See ‘aws help’ for descriptions of global parameters.

Examples

To create a dataset

The following create-dataset example creates a dataset. A dataset stores data retrieved from a data store by applying a queryAction (a SQL query) or a containerAction (executing a containerized application). This operation creates the skeleton of a dataset. You can populate the dataset manually by calling CreateDatasetContent or automatically according to a trigger you specify.

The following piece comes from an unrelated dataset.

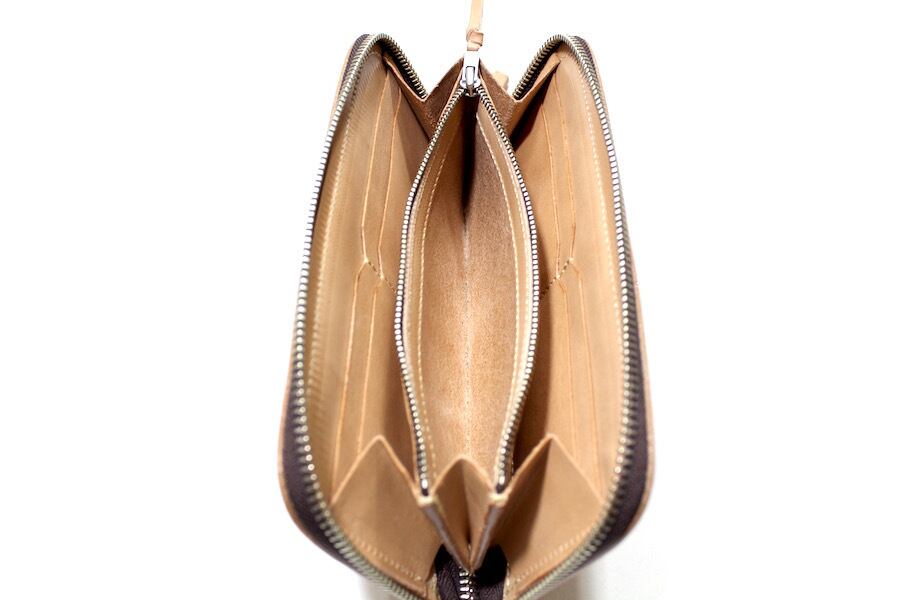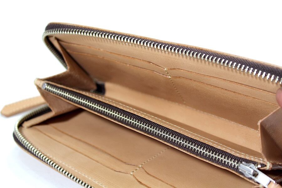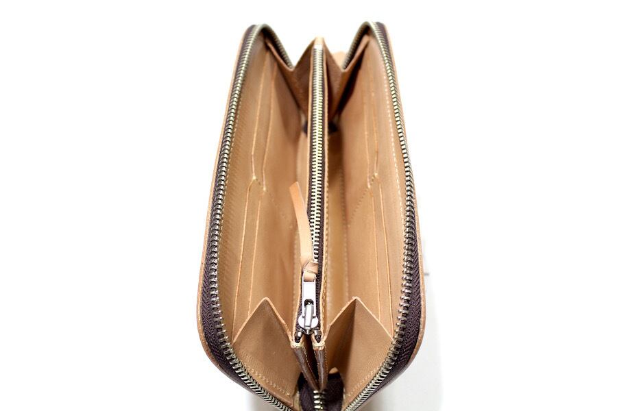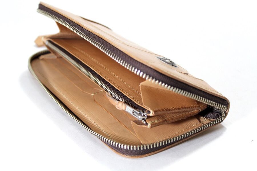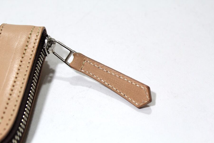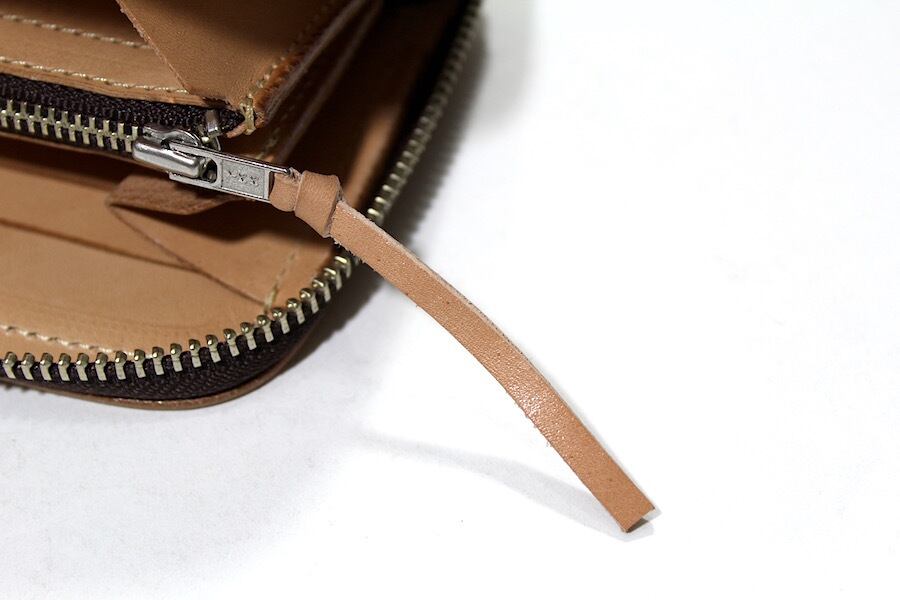 コインケースファスナー引き手はレザーノブが付きます。

aws iotanalytics create-dataset \
    --cli-input-json file://create-dataset.json

Contents of create-dataset.json:

{
    "datasetName": "mydataset",
    "actions": [
        {
            "actionName": "myDatasetAction",
            "queryAction": {
                "sqlQuery": "SELECT * FROM mydatastore"
            }
        }
    ],
    "retentionPeriod": {
        "unlimited": true
    },
    "tags": [
        {
            "key": "Environment",
            "value": "Production"
        }
    ]
}

Output:

{
    "datasetName": "mydataset",
    "retentionPeriod": {
        "unlimited": true
    },
    "datasetArn": "arn:aws:iotanalytics:us-west-2:123456789012:dataset/mydataset"
}

For more information, see CreateDataset in the AWS IoT Analytics API Reference.

Output

datasetName -> (string)

The name of the data set.

datasetArn -> (string)

The ARN of the data set.

retentionPeriod -> (structure)

How long, in days, data set contents are kept for the data set.

unlimited -> (boolean)

If true, message data is kept indefinitely.

numberOfDays -> (integer)

The number of days that message data is kept. The “unlimited” parameter must be false.